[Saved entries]

┌──

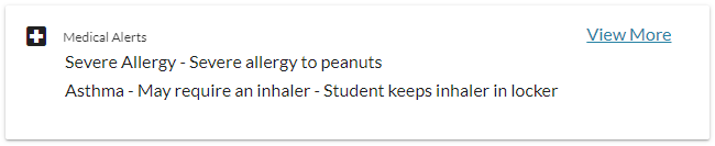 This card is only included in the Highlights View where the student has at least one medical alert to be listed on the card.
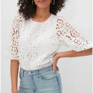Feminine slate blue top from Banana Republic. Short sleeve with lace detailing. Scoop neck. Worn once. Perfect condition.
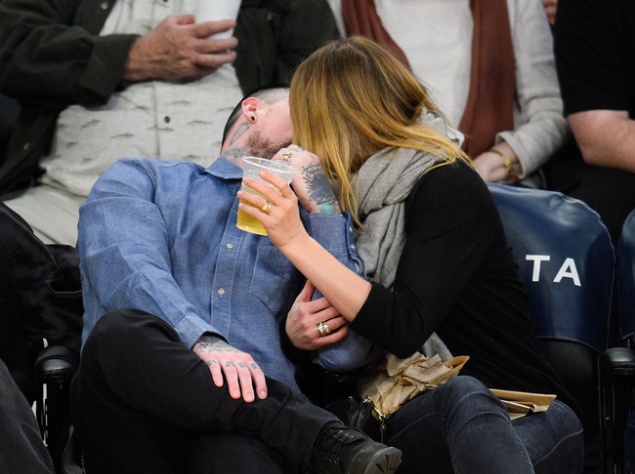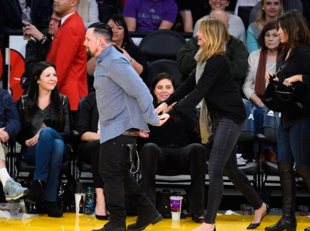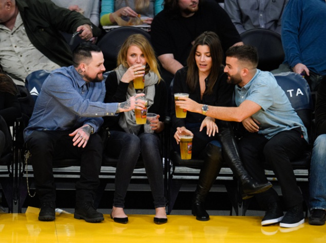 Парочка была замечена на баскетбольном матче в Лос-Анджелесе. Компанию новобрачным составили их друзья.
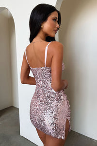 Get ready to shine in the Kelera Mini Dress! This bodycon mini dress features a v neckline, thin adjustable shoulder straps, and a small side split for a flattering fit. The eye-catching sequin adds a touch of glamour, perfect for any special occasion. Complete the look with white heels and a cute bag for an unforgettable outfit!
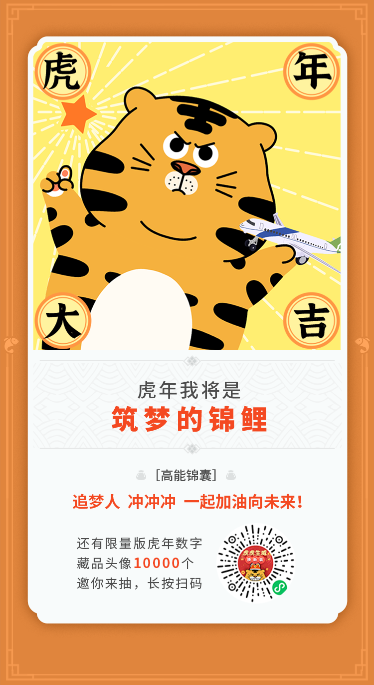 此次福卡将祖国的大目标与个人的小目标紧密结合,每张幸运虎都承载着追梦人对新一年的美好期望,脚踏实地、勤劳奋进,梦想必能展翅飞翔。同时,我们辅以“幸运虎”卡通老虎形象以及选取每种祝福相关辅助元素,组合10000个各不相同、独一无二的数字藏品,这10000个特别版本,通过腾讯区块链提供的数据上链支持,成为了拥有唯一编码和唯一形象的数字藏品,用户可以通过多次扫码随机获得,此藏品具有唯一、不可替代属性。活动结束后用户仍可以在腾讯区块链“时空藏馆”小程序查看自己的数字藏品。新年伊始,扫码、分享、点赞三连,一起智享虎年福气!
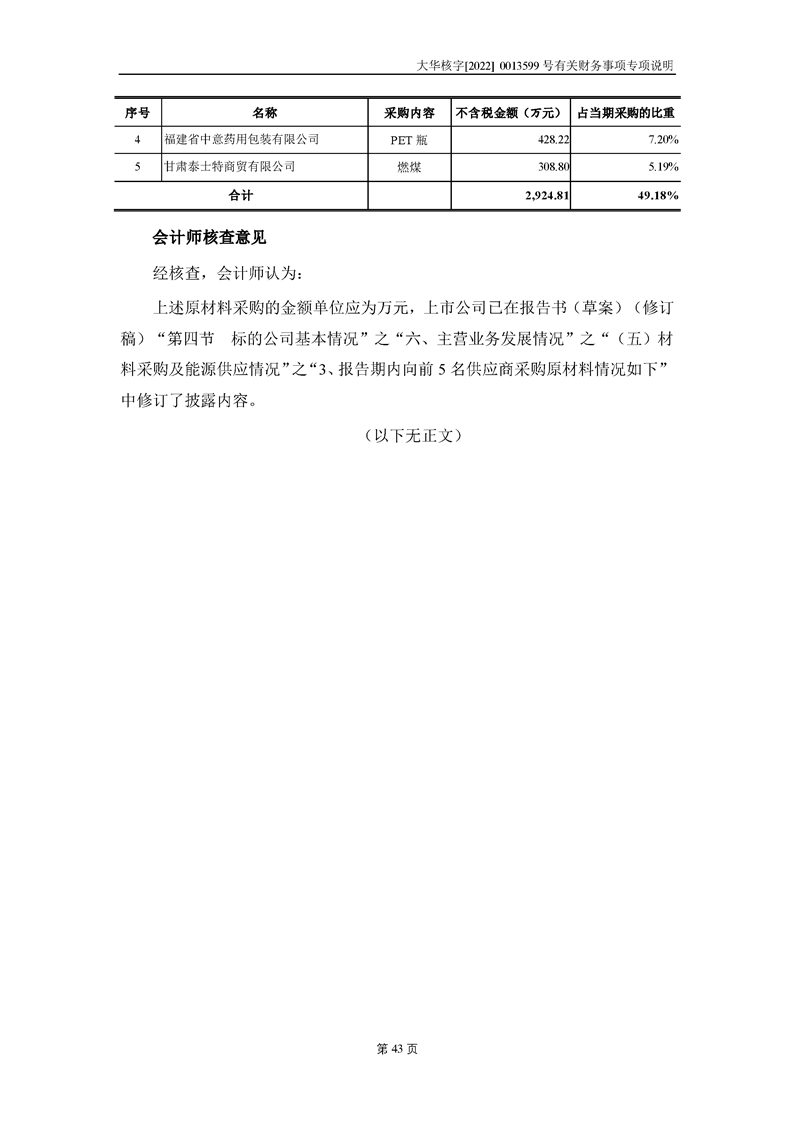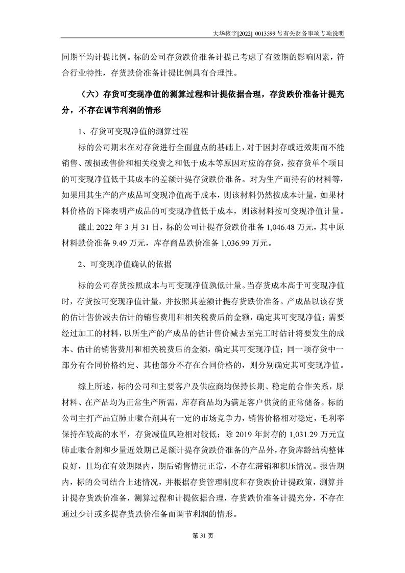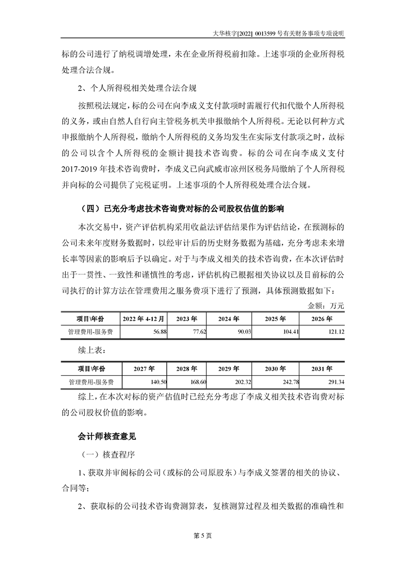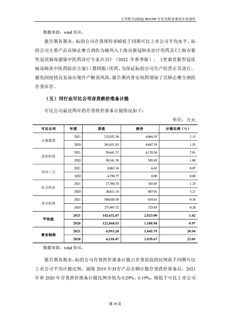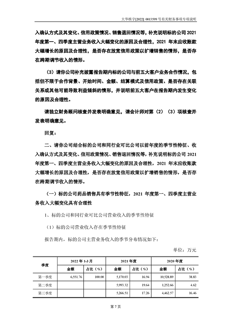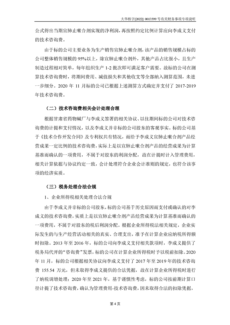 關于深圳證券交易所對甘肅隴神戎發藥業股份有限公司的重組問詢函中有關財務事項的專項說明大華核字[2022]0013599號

└──

| TASK GOAL |
Return the lines above exactly; the images are not part of the copy.

| SOLUTION TO THIS PROBLEM |
 This card is only included in the Highlights View where the student has at least one medical alert to be listed on the card.
Feminine slate blue top from Banana Republic. Short sleeve with lace detailing. Scoop neck. Worn once. Perfect condition.
 Парочка была замечена на баскетбольном матче в Лос-Анджелесе. Компанию новобрачным составили их друзья.
 Get ready to shine in the Kelera Mini Dress! This bodycon mini dress features a v neckline, thin adjustable shoulder straps, and a small side split for a flattering fit. The eye-catching sequin adds a touch of glamour, perfect for any special occasion. Complete the look with white heels and a cute bag for an unforgettable outfit!
 此次福卡将祖国的大目标与个人的小目标紧密结合,每张幸运虎都承载着追梦人对新一年的美好期望,脚踏实地、勤劳奋进,梦想必能展翅飞翔。同时,我们辅以“幸运虎”卡通老虎形象以及选取每种祝福相关辅助元素,组合10000个各不相同、独一无二的数字藏品,这10000个特别版本,通过腾讯区块链提供的数据上链支持,成为了拥有唯一编码和唯一形象的数字藏品,用户可以通过多次扫码随机获得,此藏品具有唯一、不可替代属性。活动结束后用户仍可以在腾讯区块链“时空藏馆”小程序查看自己的数字藏品。新年伊始,扫码、分享、点赞三连,一起智享虎年福气!
 關于深圳證券交易所對甘肅隴神戎發藥業股份有限公司的重組問詢函中有關財務事項的專項說明大華核字[2022]0013599號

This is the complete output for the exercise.